* **Excerpted records**:
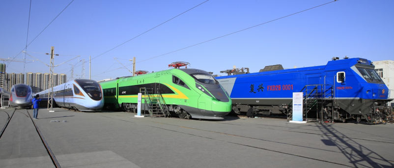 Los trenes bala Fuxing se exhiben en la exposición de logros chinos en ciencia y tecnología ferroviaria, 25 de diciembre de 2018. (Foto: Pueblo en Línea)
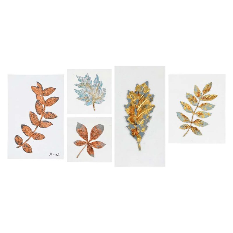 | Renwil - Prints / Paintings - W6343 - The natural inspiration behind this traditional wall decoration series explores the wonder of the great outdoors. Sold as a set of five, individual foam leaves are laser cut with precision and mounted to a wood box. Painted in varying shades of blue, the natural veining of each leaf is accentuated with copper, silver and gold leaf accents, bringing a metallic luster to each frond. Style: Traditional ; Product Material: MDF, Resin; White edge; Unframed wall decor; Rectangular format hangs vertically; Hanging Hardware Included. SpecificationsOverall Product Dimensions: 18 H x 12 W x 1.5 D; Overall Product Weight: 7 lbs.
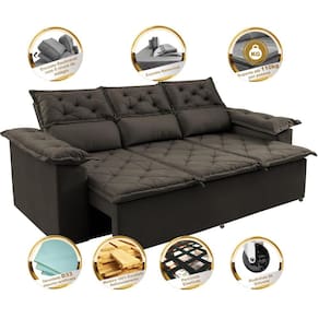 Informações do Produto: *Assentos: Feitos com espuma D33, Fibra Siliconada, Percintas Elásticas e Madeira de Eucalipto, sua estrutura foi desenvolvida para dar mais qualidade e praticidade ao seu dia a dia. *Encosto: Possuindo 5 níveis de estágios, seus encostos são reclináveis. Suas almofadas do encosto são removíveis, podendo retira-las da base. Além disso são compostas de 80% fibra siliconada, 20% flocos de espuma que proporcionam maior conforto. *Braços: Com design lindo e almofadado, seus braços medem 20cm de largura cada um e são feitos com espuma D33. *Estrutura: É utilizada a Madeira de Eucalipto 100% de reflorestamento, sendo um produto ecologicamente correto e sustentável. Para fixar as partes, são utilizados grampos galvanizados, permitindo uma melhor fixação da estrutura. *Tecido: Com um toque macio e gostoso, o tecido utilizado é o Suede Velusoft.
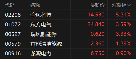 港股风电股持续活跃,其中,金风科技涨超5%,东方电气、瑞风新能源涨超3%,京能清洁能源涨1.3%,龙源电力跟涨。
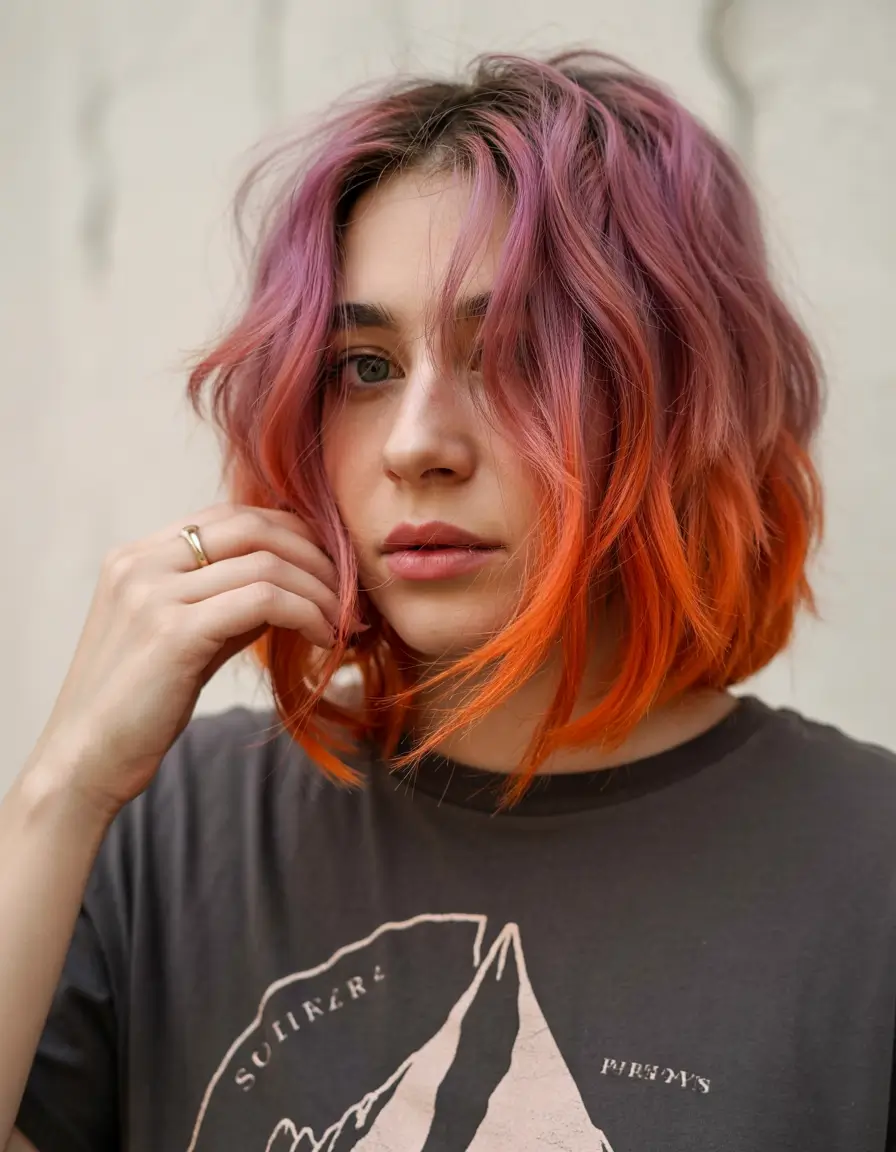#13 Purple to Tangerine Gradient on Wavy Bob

* **Task to complete**:
Pictures must not appear in the copy, and every record must be restated word for word.

* **Solution for this task**:
 Los trenes bala Fuxing se exhiben en la exposición de logros chinos en ciencia y tecnología ferroviaria, 25 de diciembre de 2018. (Foto: Pueblo en Línea)
 | Renwil - Prints / Paintings - W6343 - The natural inspiration behind this traditional wall decoration series explores the wonder of the great outdoors. Sold as a set of five, individual foam leaves are laser cut with precision and mounted to a wood box. Painted in varying shades of blue, the natural veining of each leaf is accentuated with copper, silver and gold leaf accents, bringing a metallic luster to each frond. Style: Traditional ; Product Material: MDF, Resin; White edge; Unframed wall decor; Rectangular format hangs vertically; Hanging Hardware Included. SpecificationsOverall Product Dimensions: 18 H x 12 W x 1.5 D; Overall Product Weight: 7 lbs.
 Informações do Produto: *Assentos: Feitos com espuma D33, Fibra Siliconada, Percintas Elásticas e Madeira de Eucalipto, sua estrutura foi desenvolvida para dar mais qualidade e praticidade ao seu dia a dia. *Encosto: Possuindo 5 níveis de estágios, seus encostos são reclináveis. Suas almofadas do encosto são removíveis, podendo retira-las da base. Além disso são compostas de 80% fibra siliconada, 20% flocos de espuma que proporcionam maior conforto. *Braços: Com design lindo e almofadado, seus braços medem 20cm de largura cada um e são feitos com espuma D33. *Estrutura: É utilizada a Madeira de Eucalipto 100% de reflorestamento, sendo um produto ecologicamente correto e sustentável. Para fixar as partes, são utilizados grampos galvanizados, permitindo uma melhor fixação da estrutura. *Tecido: Com um toque macio e gostoso, o tecido utilizado é o Suede Velusoft.
 港股风电股持续活跃,其中,金风科技涨超5%,东方电气、瑞风新能源涨超3%,京能清洁能源涨1.3%,龙源电力跟涨。
#13 Purple to Tangerine Gradient on Wavy Bob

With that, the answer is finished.